Freitag, 13. April 2018, 09:30 Uhr
The minisymposium is organized by the URPP "Language and Space" focus group Spatial References and aims to gather perspectives on spatial language -- from its relation to spatial cognition to the extraction of spatial concepts from text.
9.40 T. Tenbrink "Language as a representation of spatial thinking: exploring everyday domains"
10.20 D. Montello "Natural Language as a Source of Spatial Knowledge"
11.00 Coffee Break
11.20 J. Leidner "Talking about Geographic Space: From Toponyms to Spatial Expressions"
12.00 13.00 Panel discussion
Thora Tenbrink "Language as a Representation of Spatial Thinking: Exploring Everyday Domains"
I will explore customary ways of talking about space across everyday special-interest domains such as sailing, dancing, and mountaineering. Wherever a domain requires people to interact with space in a specific way, conventions for thinking and talking about space arise that may be unknown or at least highly unusual outside those domains. In sailing, it is almost impossible to talk about forward movement, due to the various forces acting on the boat; this requires the sailor to calculate a useful course relative to the goal direction. In dancing, creative movement needs to be related to static aspects of the environment, which can be a challenge if dancers are not in a canonical upright position. In this light, I will discuss the role of language as a representation of flexible context-dependent spatial thinking.
Daniel R. Montello "Natural Language as a Source of Spatial Knowledge"
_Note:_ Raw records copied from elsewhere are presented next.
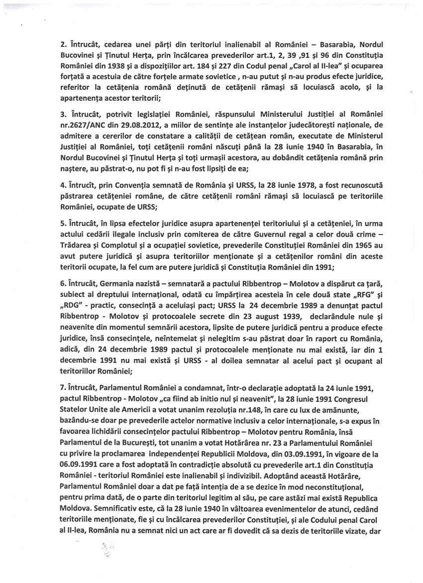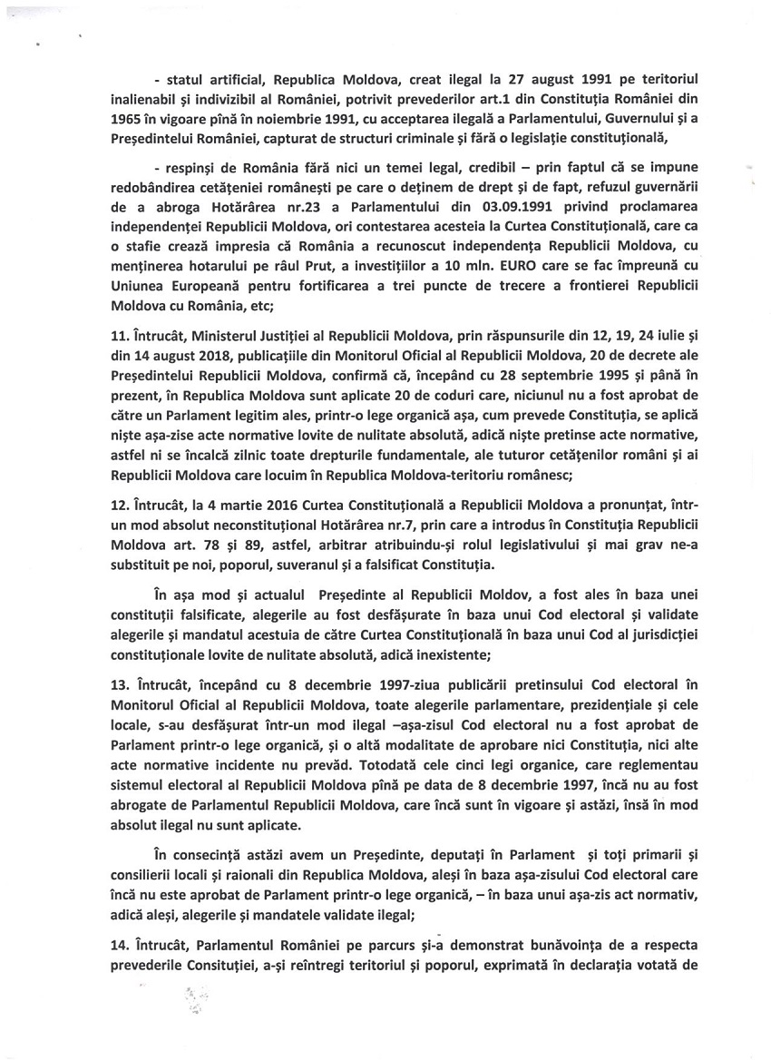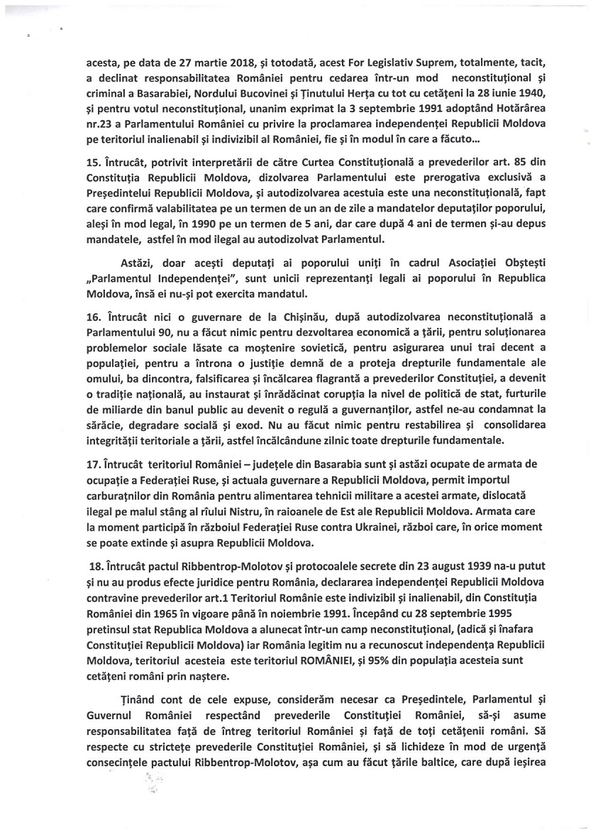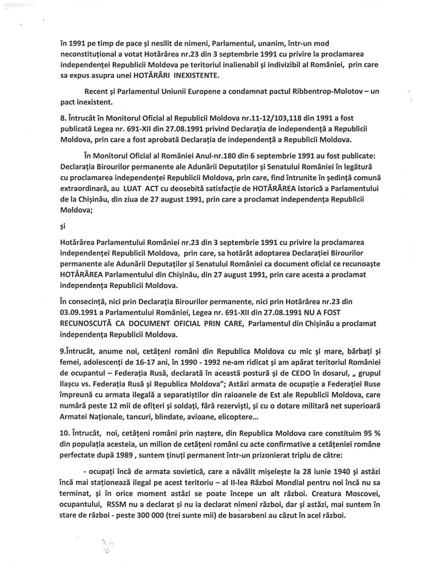 – consideră ca fiind pe deplin legitimă dorinţa acelor cetăţeni ai Republicii Moldova care susţin unificarea celor două state ca o continuare firească în procesul de dezvoltare şi afirmare a naţiunii române şi subliniem că acest act depinde de voinţa acestora,
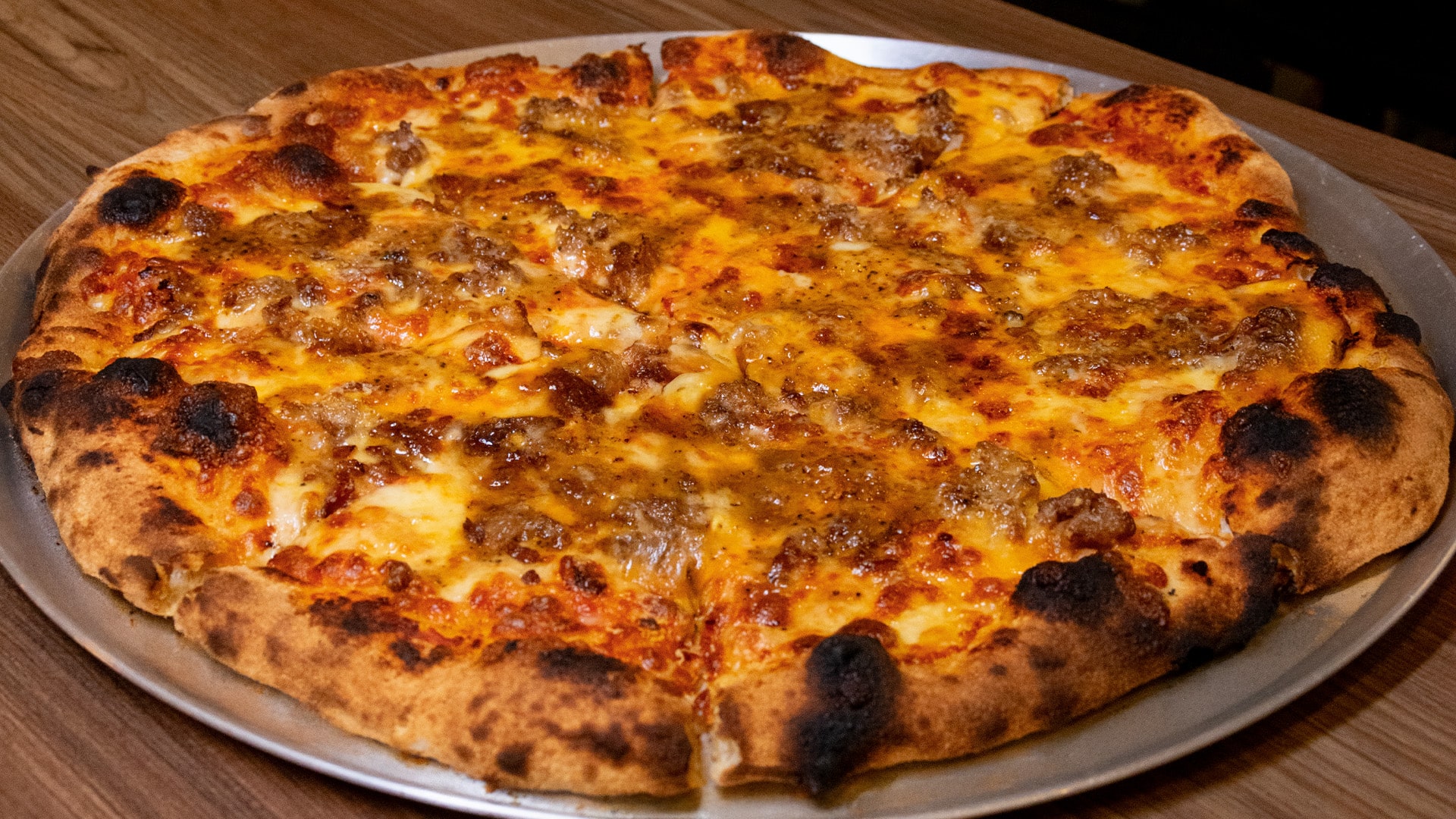 Deliciosa vodka sauce* sobre una cama de mozzarella gratinado pepperoni mozzarella extra y Parmigiano Reggiano
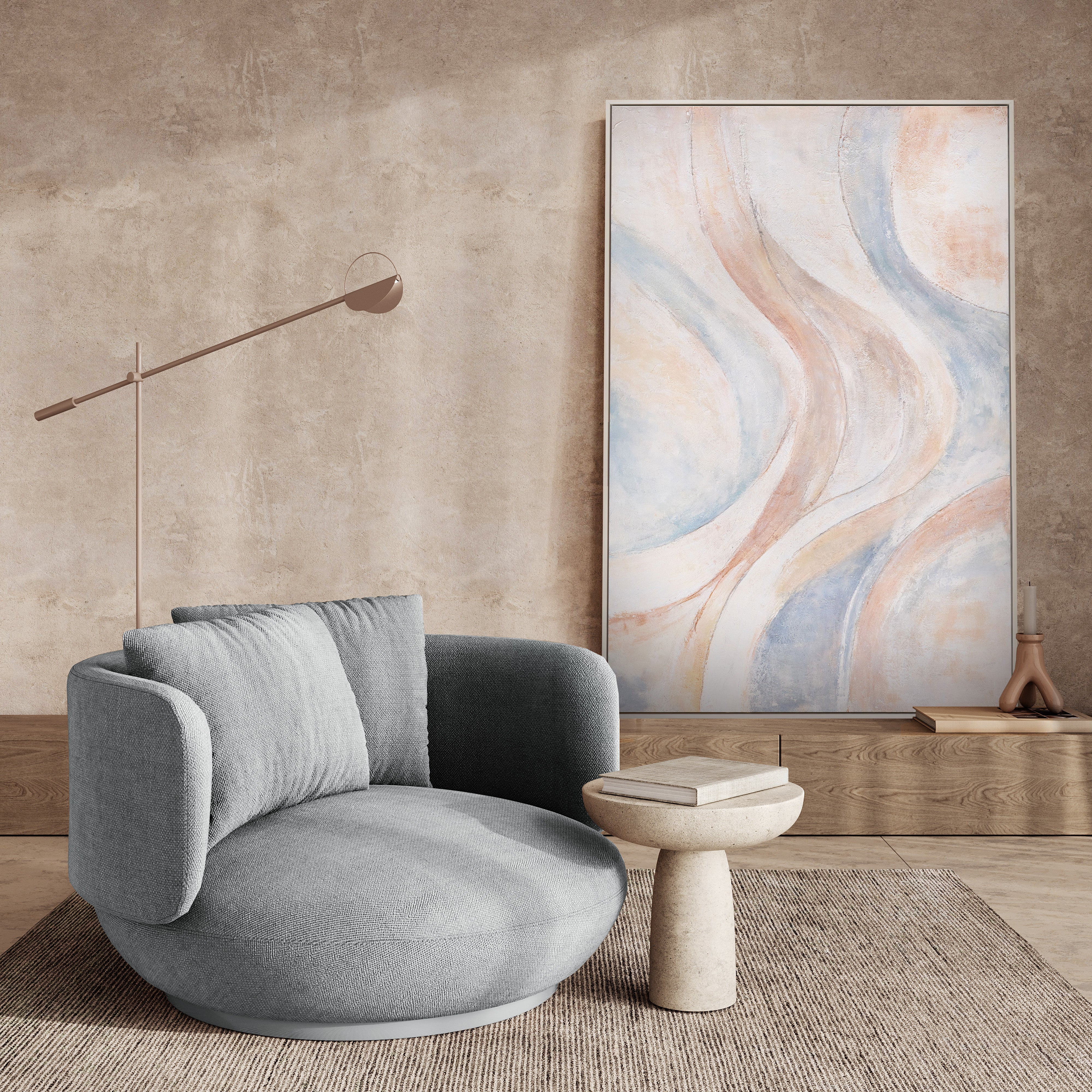 • Abstraktes Kunstbild mit weichen Farbverläufen in Beige und Grau
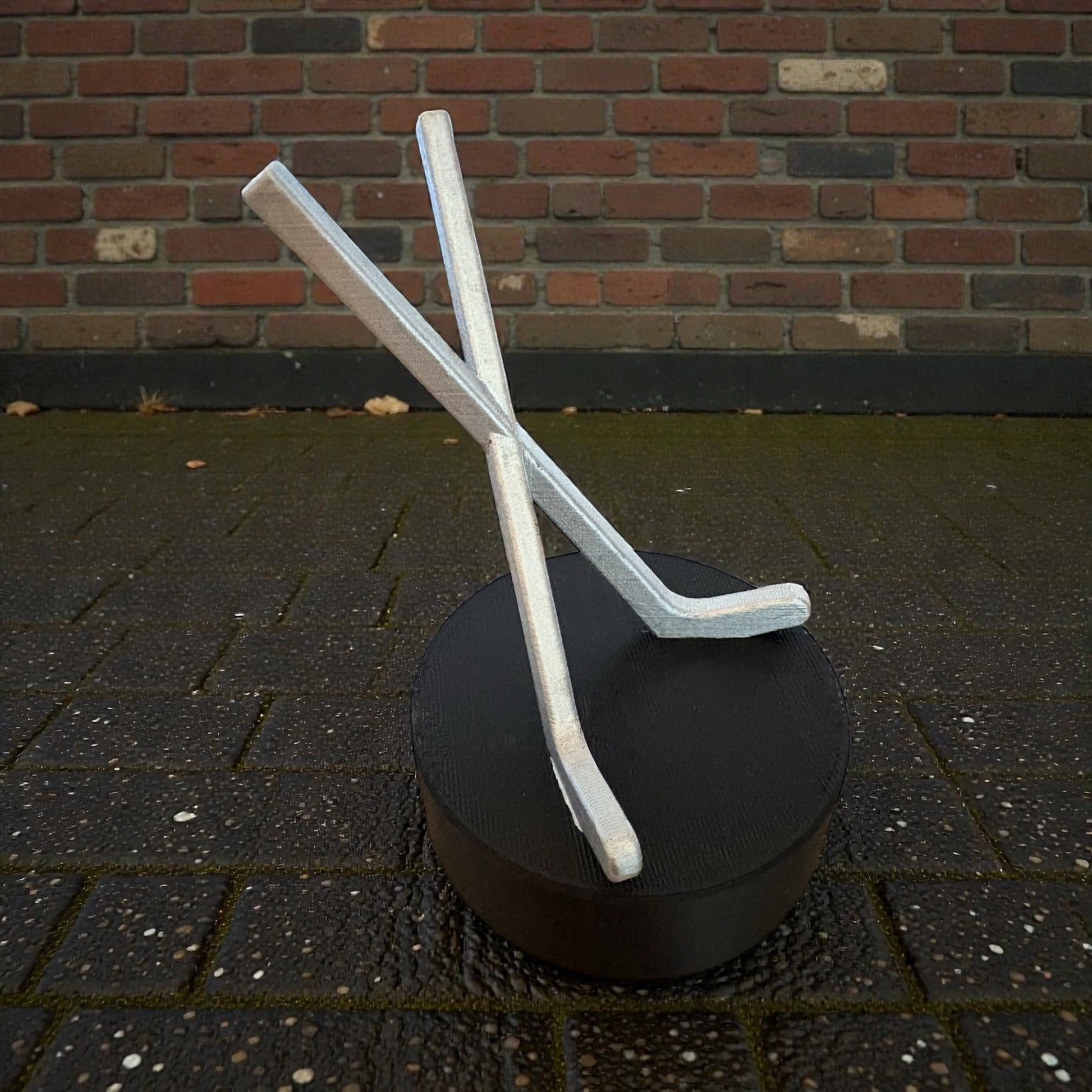 - Diseño en forma de puck de hockey con palos cruzados
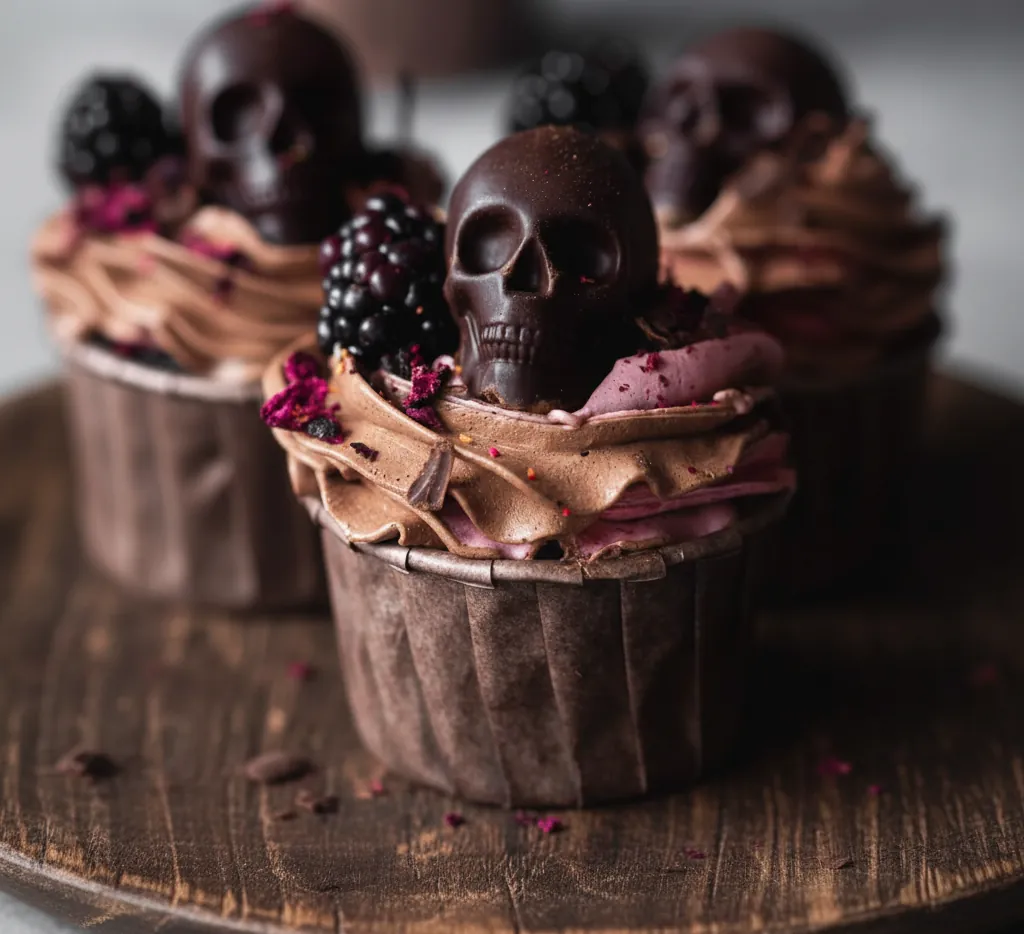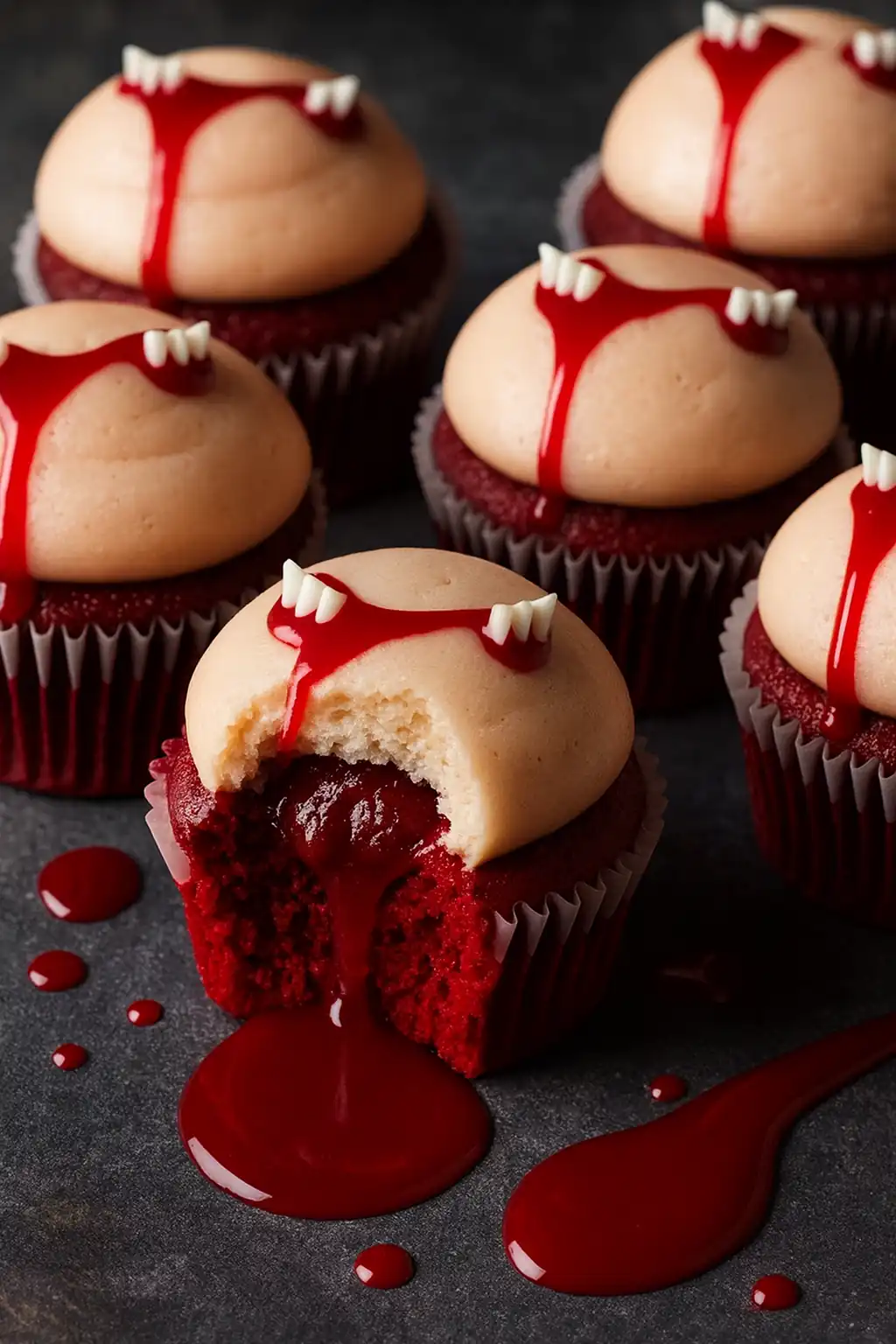 Want a cupcake that gives drama with every bite? These vampire cupcakes are it. They may look innocent on the outside—usually topped with pristine white buttercream—but sink your teeth into one and you’ll find a “bloody” raspberry or strawberry filling oozing out. The visual effect is chilling, but the flavor? Sweet, tart, and totally delicious.
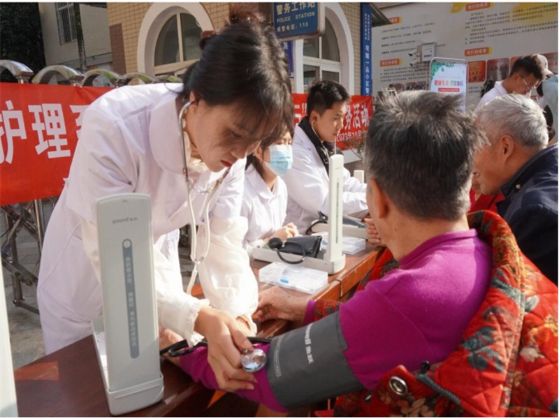 为提高社区居民预防疾病意识,引导大家养成良好的生活习惯,学院护理系结合自身专业特点,10月28日,护理系教师带领18名志愿者在市高新区狮子山街道办娇子社区,为社区居民开展测量血压、推拿按摩等多项志愿服务项目,并进行健康宣讲普及。
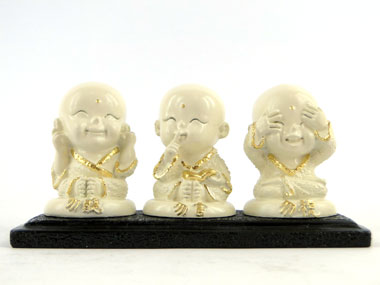 Trio de Budas na Base – Nada Vejo, Nada Falo, Nada Ouço - Marfim
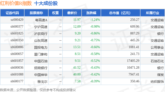 资金流向方面,红利价值R(489016)指数成份股当日主力资金净流出合计1087.89万元,游资资金净流出合计3.7亿元,散户资金净流入合计3.81亿元。成份股资金流向详情见下表:
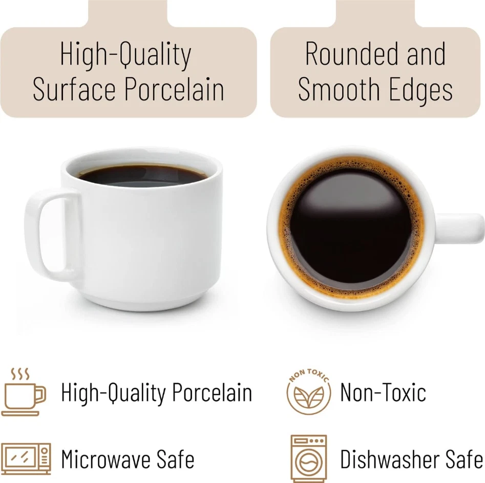 Our coffee mugs are made of porcelain and are a beautiful, bright, shiny white. They are very sublime and will make your morning coffee even more enjoyable. Our stackable coffee mugs would make a stylish addition to any kitchen, ideal as a birthday gift for the coffee lover in your life. Each mug holds 12oz, which is perfect for espresso drinks, hot chocolate, coffee in the morning, or having tea with your friends. The huge user-friendly handle is comfortable to grip, and the mugs are dishwasher and microwave safe. White is the color of simplicity. The stackable coffee mugs are designed with no elaborate patterns, making them look clean and appealing to the eye. If you are looking for a simple yet elegant design, this white porcelain mug will be your perfect choice. Our mugs are easy to store and take up minimal space, making them the perfect choice for anyone who wants to save some extra room in their kitchen.
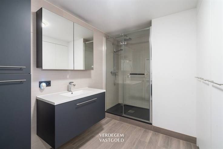 Verder op het gelijkvloers een knappe badkamer met walk-in douche.

Spatial knowledge is acquired through one or more sources, including direct sensorimotor experience and several indirect sources. An important indirect source is natural language. In my talk, I consider how the source of ones spatial knowledge influences the nature of that knowledge, focusing on natural language as a source.
Jochen L. Leidner "Talking about Geographic Space: From Toponyms to Spatial Expressions"
Time and Space are basic dimensions of our cognition as human beings, and they structure our lives in practical terms: during our existence, and perhaps in order to exist, we often must or want to refer to places. In this talk, I explore how humans talk about geographic spaces using spatial expressions, and in particular how compositionality on the linguistic level relates to the geo-spatial footprints that correspond to the pragmatic meaning of these expressions in the physical world.